Пока новоприбывший мысленно произносил этот монолог, с другого конца улицы, то есть от улицы Сент-Оноре, подъехал другой всадник и тоже остановился, восхищенный вывеской «Путеводной звезды».
Всадник, уже знакомый нам хотя бы по имени, сидел на белой испанской лошади и носил черный камзол с черными агатовыми пуговицами. На нем был темно-лиловый бархатный плащ, черные кожаные сапоги, шпага с чеканным стальным эфесом и парный к ней кинжал. Описав его костюм, перейдем к описанию его наружности: это был молодой человек лет двадцати четырех — двадцати пяти, загорелый, с голубыми глазами, тонкими усиками, с ослепительно белыми зубами, которые, казалось, озаряли его лицо, когда он улыбался своей ласковой, грустной улыбкой, и, наконец, с безупречно очерченным, на редкость красивым ртом.
Второй путешественник являл собой полную противоположность первому. Из-под шляпы с загнутыми вверх полями выбивались густые вьющиеся светло-рыжие волосы и глядели серые глаза, сверкавшие при малейшем неудовольствии таким ослепительным огнем, что начинали казаться черными.
У него был розоватый оттенок белой кожи, тонкие губы, рыжие усы и великолепные зубы. Высокий, плечистый, он представлял собой довольно распространенный тип красавца, и пока он ездил по Парижу, оглядывая все окна под тем предлогом, что ищет вывеску, женщины засматривались на него; что же касается мужчин, то они, возможно были бы не прочь высмеять и чересчур узкий плащ, и облегающие штаны, и допотопного фасона сапоги, но смех переходил в любезное пожелание «Да хранит вас Бог!», как только они замечали, что лицо незнакомца способно в одну минуту принять самые разные выражения, кроме одного — выражения доброжелательности, свойственного смущенному провинциалу.
Он первый и начал разговор, обратившись к другому дворянину, который, как мы заметили, разглядывал гостиницу «Путеводная звезда»:
— Черт побери! Скажите, сударь, — произнес он с ужасным горским выговором, по которому сразу узнаешь уроженца Пьемонта среди сотни других приезжих, — далеко отсюда до Лувра? Во всяком случае, наши вкусы как будто сходятся, и это очень лестно для моей особы.
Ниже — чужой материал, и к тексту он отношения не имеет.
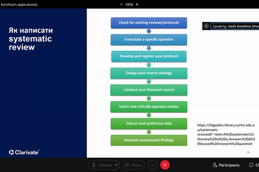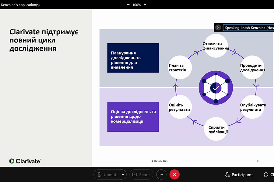 The webinar was conducted by Iryna Tykhonkova, Clarivate Analytics Regional Solutions Consultant (Head Office: London, UK).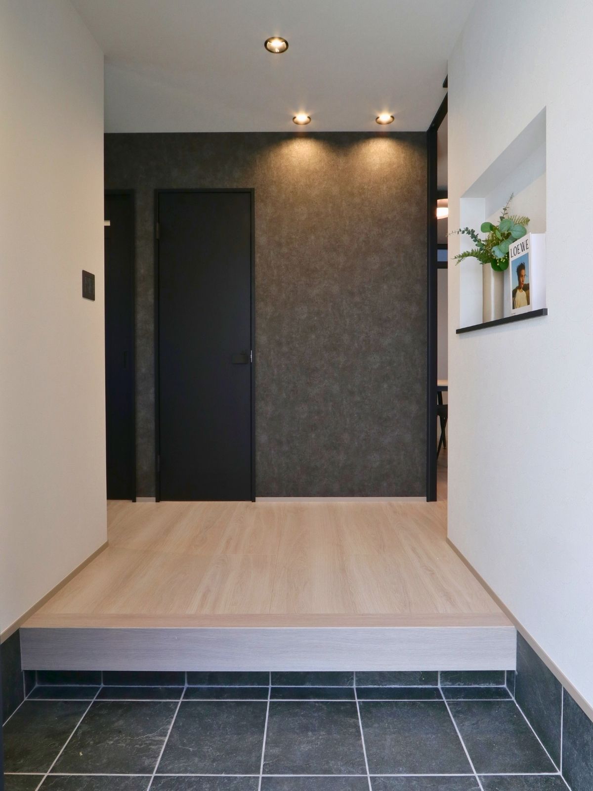 ニッチ棚やクロス貼り分けなど上質さを彩るエントランスホール。

— Сударь, — отвечал другой дворянин с провансальским выговором, таким же характерным в своем роде, как и пьемонтский акцент первого собеседника в своем, — мне кажется, что эта гостиница действительно недалеко от Лувра. Тем не менее я еще не вполне уверен, буду ли я иметь удовольствие присоединиться к вам. Я пока раздумываю.
— Так вы еще не решили? А вид у гостиницы заманчивый! Но, может быть, я соблазнился тем, что увидал здесь вас. Все-таки согласитесь, что вывеска хороша.
— Так-то оно так, но она-то и возбуждает мои сомнения относительно самой гостиницы. Меня предупреждали, что в Париже уйма плутов и что здесь так же ловко обманывают вывесками, как и другими способами.
— Черт побери! Плутовство меня не пугает, — объявил пьемонтец. — Если хозяин подаст мне курицу, изжаренную хуже, чем та, что на вывеске, я его самого посажу на вертел и буду вертеть, пока он не прожарится. Итак, сударь, войдемте.
— Вы меня убедили, — со смехом ответил провансалец. — Прошу вас, сударь, входите первым.
— Нет, сударь, клянусь душой, я этого не допущу, — я всего-навсего ваш покорный слуга, граф Аннибал де Коконнас.
— Граф Жозеф-Иасинт-Бонифас Лерак де Ла Моль к вашим услугам.
— В таком случае возьмемтесь за руки и войдем вместе.
Во исполнение этого примирительного предложения оба молодых человека спешились, отдали поводья конюху, поправили шпаги и, взявшись за руки, пошли к двери гостиницы, на пороге которой стоял хозяин. Но, вопреки обыкновению людей этой категории, почтенный домовладелец, как видно, не обратил на них ни малейшего внимания: он был занят разговором с желтым сухопарым верзилой, покрытым широким плащом цвета древесного гриба, как сова — перьями.
Дворяне подошли к хозяину гостиницы и его собеседнику в плаще цвета древесного гриба так близко, что Коконнас, уязвленный их невнимательностью к себе и своему спутнику, дернул хозяина за рукав. Хозяин сразу очнулся и отпустил своего собеседника.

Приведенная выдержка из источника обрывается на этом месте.